Because there is so little trust between the US and North Korea, the negotiators have wisely adopted the approach of beginning with the basics and keeping their early agreements and declarations as vague as possible. Better to agree on something, however impalpable (so the thinking goes), than to fall at the first hurdle squabbling over details. The result is that yesterday’s “agreement” is little more than a joint declaration of good intentions – certainly not a step back, but far from being a great leap forward.
What, for example, is a “full declaration”, and how do you know whether a declaration is full or not? To the Americans and their supporters it must involve verification, including the right to make unannounced visits to suspected facilities to make sure that North Korea really has “declared” everything. It is difficult to imagine the North agreeing to such intrusive inspections, but without them the US will be taking Kim Jong Il on trust.

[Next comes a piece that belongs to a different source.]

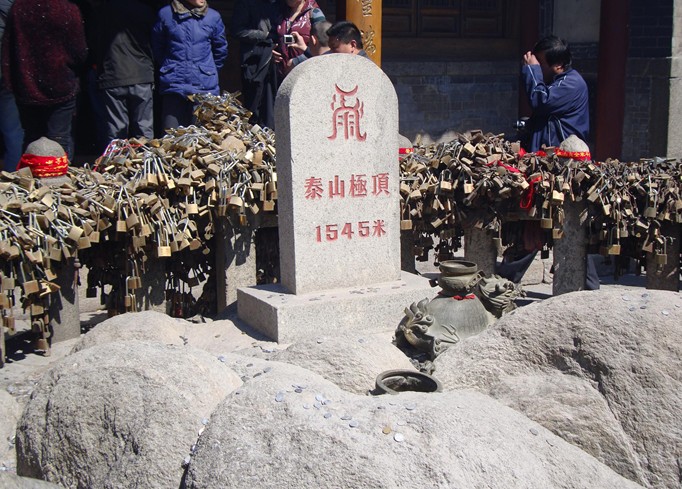 四周圍以石欄,是泰山的最高點(diǎn),石上有南陽王均于1921年題寫的“極頂”二字。西北側(cè)有“古登封臺”碑,古代帝王登山祭天,就在此處設(shè)置祭壇。玉皇頂傲視群雄,亭立峰巔,極目四望,確有“一覽眾山小”之感。

What are “nuclear programmes”? Obviously, they include nuclear power plants and reprocessing facilities – we must assume, surely, that they also include nuclear weapons programmes, related to manufacturing, testing, launching and storage. But neither the US negotiator, Chris Hill, nor his North Korean counterpart, Kim Kye Gwan, used the word “weapons”, another wise tactical ambiguity. But since no one knows how many warheads the North may have manufactured in the past few years, how will the rest of the world know whether it has declared them all or not? Then there is the timing. Mr Kim made no mention of any schedule or deadline in his account of the negotiations. Anyone who believes that Pyongyang will abandon its nuclear weapons “by the end of this year, 2007”, as Mr Hill claims, is dreaming.